* **TASK BRIEF**: Output begins at the line with "Saturday, July 12th, 1862." and ends at the last line of the records below. Copy each line in that span exactly, and leave out pictures.

Saved data entries:
[Start of Attachment]

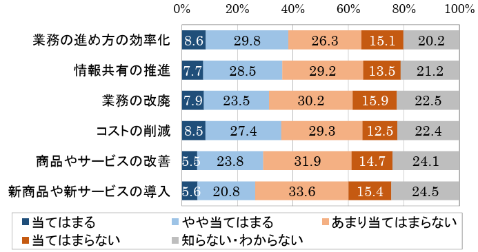 それに該当する「商品やサービスの改善」「新商品や新サービスの導入」は効率化に関連する項目より割合が低いことがわかりました。
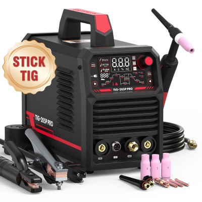 205Amp TIG Welder with Pulse, Large LED Display, 3-in-1 Stick/DC TIG/Pulse TIG, 110/220V Welding Machine, Welding Equipment
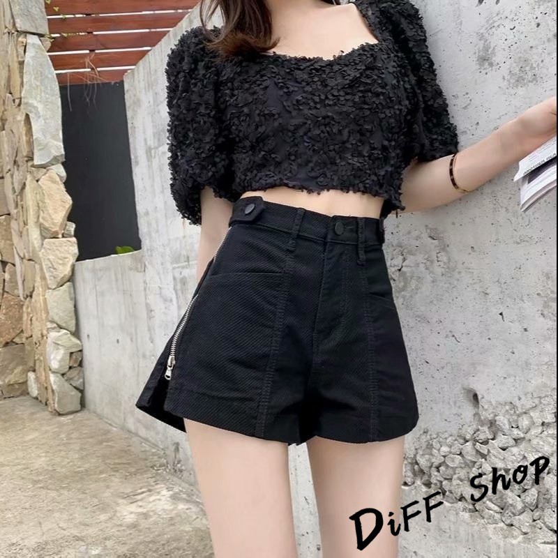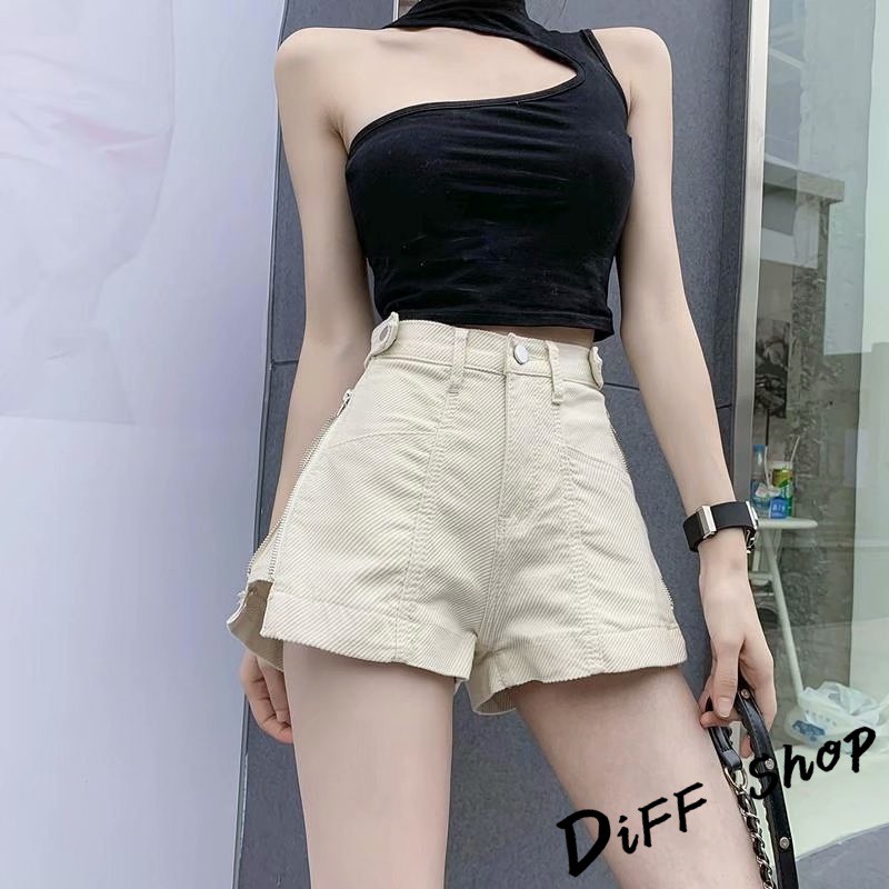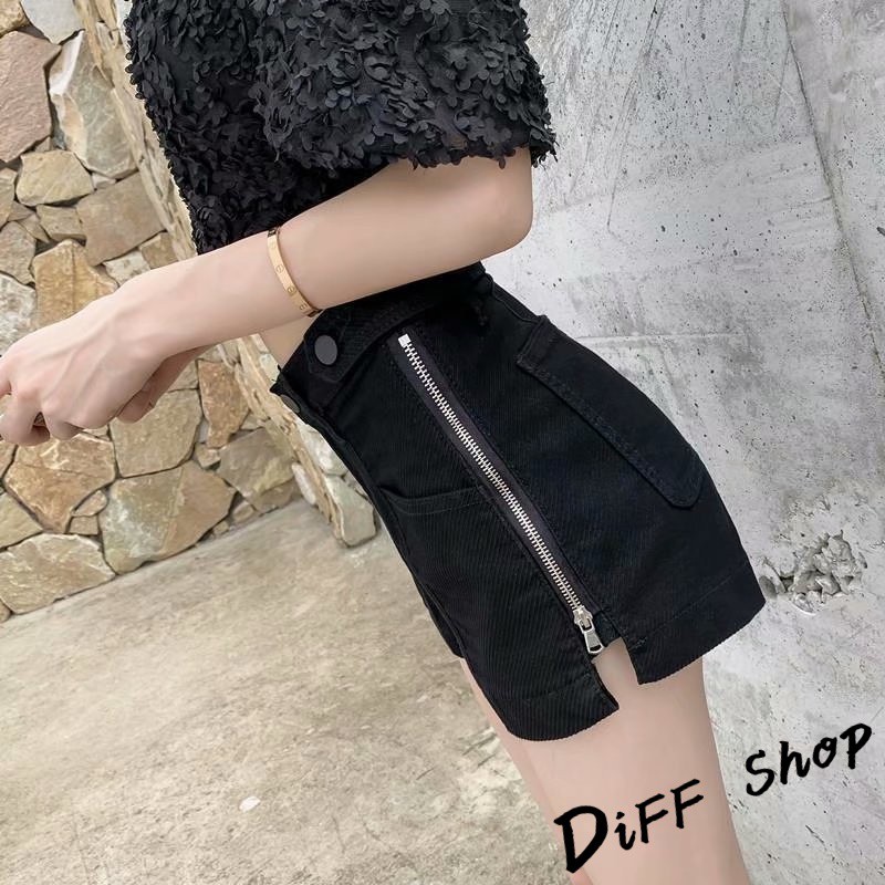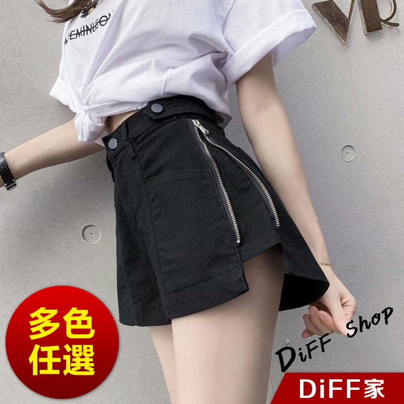 【DIFF】韓板高腰寬鬆顯瘦拉鍊牛仔短褲 休閒褲 短褲 褲子 運動短褲 女裝 休閒短褲【P152】【P152】黑色XL號|【P152】杏色M號|【P152】杏色L號|【P152】杏色XL號|【P152】黑色M號|【P152】黑色L號ShortsDiFF shop
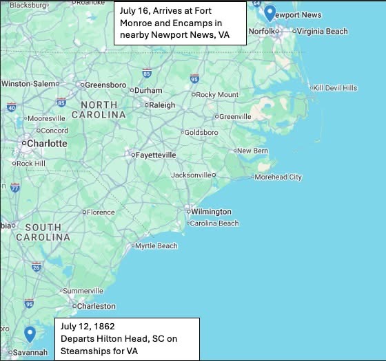 Saturday, July 12th, 1862. The Regiment departed Hilton Head SC on steamships headed for Virginia.
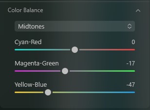 Midtones: 0 | -17 | -47 (Cyan-Red | Magenta-Green | Yellow-Blue)

[End of Attachment]

* **RESPONSE AREA**:
 Saturday, July 12th, 1862. The Regiment departed Hilton Head SC on steamships headed for Virginia.
 Midtones: 0 | -17 | -47 (Cyan-Red | Magenta-Green | Yellow-Blue)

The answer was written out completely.